Growth is considered inclusive when individuals, regardless of their socio-economic background, have an equal opportunity to progress. Poverty, inequality and social mobility are the main components of inclusive growth. Studies show that children from socio-economically disadvantaged backgrounds tend to underperform at school, which hinders their prospects for better education at a later stage and leads to lower employability. Moreover, people with lower education have worse health and live shorter lives (Darvas and Wolff, 2016). In more unequal societies with higher shares of people living in poor households, social mobility also tends to be lower (Corak, 2013). Investing in financial education throughout individuals’ lives, particularly at an early age, increases financial knowledge overall and influences decisionmaking later in life (Van Rooij et al, 2009).

This has major implications for inclusiveness, though the impact varies depending on country, socio-economic level and circumstances related to birth. Why is financial literacy important for inclusive growth? We argue that giving people the education and tools to better navigate the increasingly complex financial world is one of the pre-conditions to achieving inclusive growth. For the poor and disadvantaged, increased financial literacy means improved opportunities to access the benefits of economic growth. Surveys confirm that less educated and lower-income people tend to score lower on financial literacy than the rest of the population. In addition, adult women score lower than men on average and for all age groups, and are more likely than men to answer ‘don’t know’. There is a strong age bias – younger respondents do worse than older respondents – and a locale bias, with rural respondents tending to do worse than urban dwellers.

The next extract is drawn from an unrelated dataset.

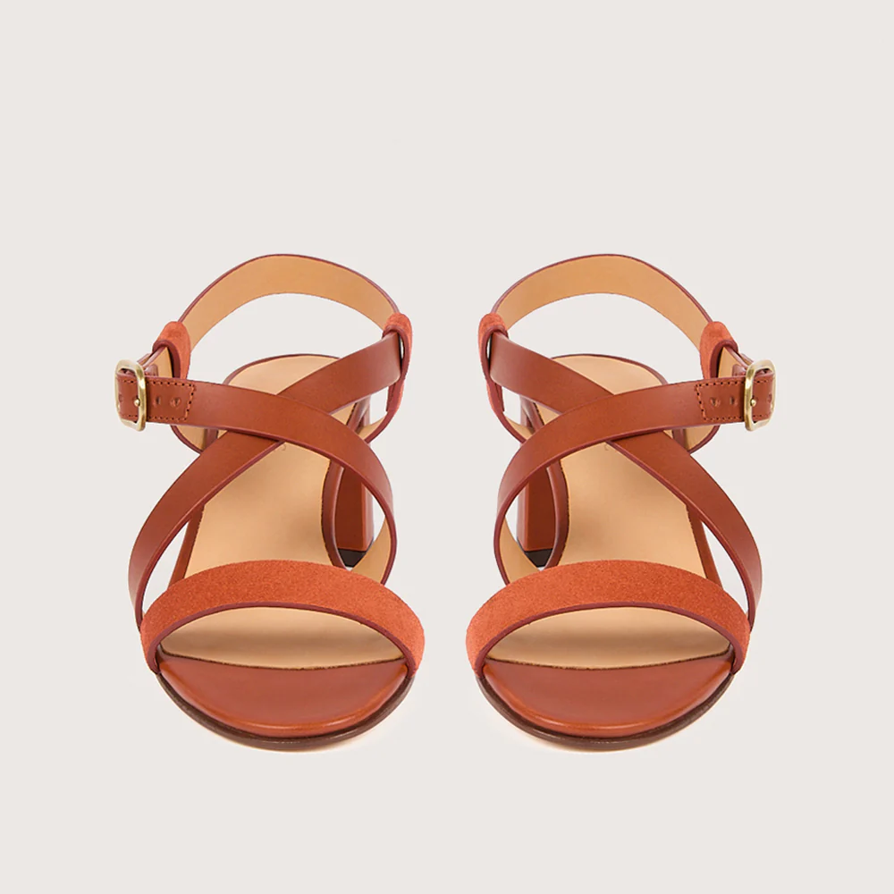 La Sandale à talon Sofia est un modèle de la saison, au profil féminin avec ses brides croisées et sa semelle en cuir. Elle se décline avec une tige en velours, coloris sienne.

In US, there is racial bias, with white and Asian cohorts tending to perform better than blacks and Hispanics. In Europe, school children from migrant backgrounds underperform compared to natives. In light of these findings, we examine financial literacy in relation to the most important elements of inclusive growth, namely inequality, poverty and social exclusion and social mobility. There is a clear negative relationship between financial literacy scores and inequality in the EU. Countries performing better at financial literacy also tend to have lower inequality.

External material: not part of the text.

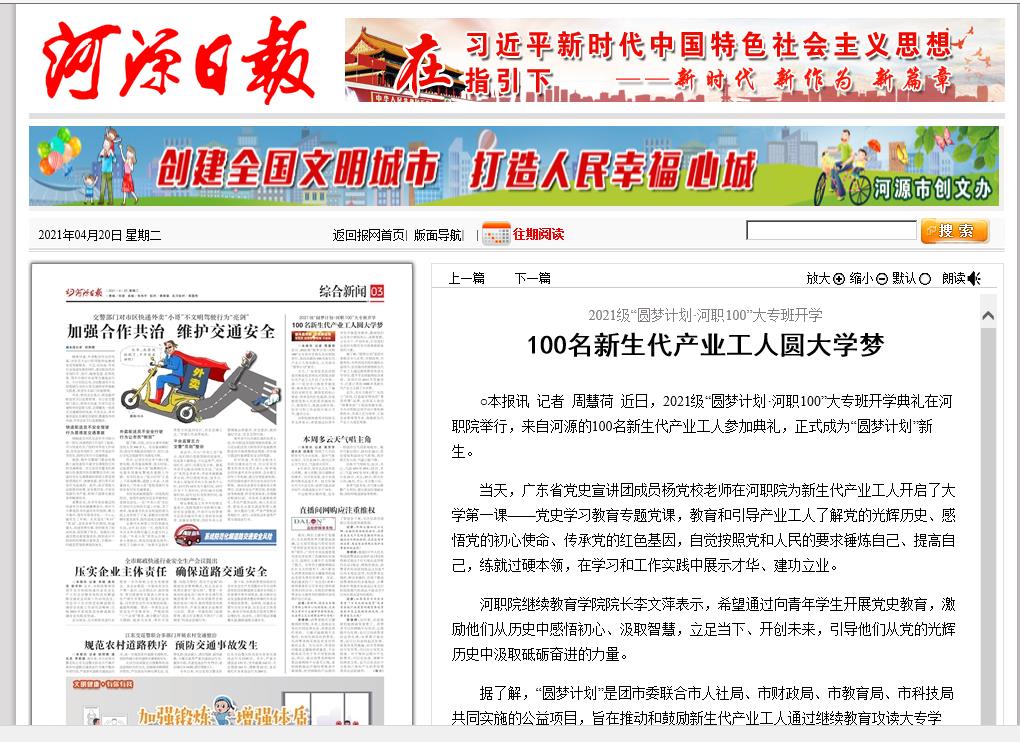 6、2021年4月21日,河源晚报报道《建党百年,百名工人进高校圆大学梦助推河源发展》,报道网址链接:http://www.heyuanxw.com/2021/ms_0421/69258.html

Financial literacy scores are also strongly associated with poverty and social exclusion indicators. One of the five Europe 2020 targets is to “lift at least 20 million people out of poverty by 2020”. The headline indicator to measure the progress is the rate of people at risk of poverty (AROP) in each country. The findings suggest that countries performing better at financial literacy have lower shares of population at risk of poverty. Actively investing in financial education and literacy programmes might serve as one of the tools to reach the Europe 2020 targets. In addition to the AROP indicator, we look at another measure of vulnerability and social exclusion: the severe material deprivation rate. We reach a similar conclusion, that the financial literacy score is negatively associated with the severe material deprivation rate. There is a visible negative relationship between individuals’ social mobility, proxied by the correlation between students’ maths test scores and socio-economic backgrounds, and countries’ financial literacy scores. In countries with higher financial literacy scores, the relationship between wealth and maths scores is less pronounced. As such, socio-economic circumstances related to birth have an impact on financial literacy. Unsurprisingly, socio-economically advantaged students and those from non-immigrant background tended to score better than their peers.

Financial literacy is financial education, such as basic economics, statistics and numeracy skills combined with the ability to employ these skills in making financial decisions. Research has shown that as people become more financially literate, they make better saving and borrowing decisions, are more likely to plan for retirement and hold more diverse assets in their balance sheet. As more and more households are asked to make their own decisions about such issues, financial illiteracy can become a serious threat to their life-time welfare.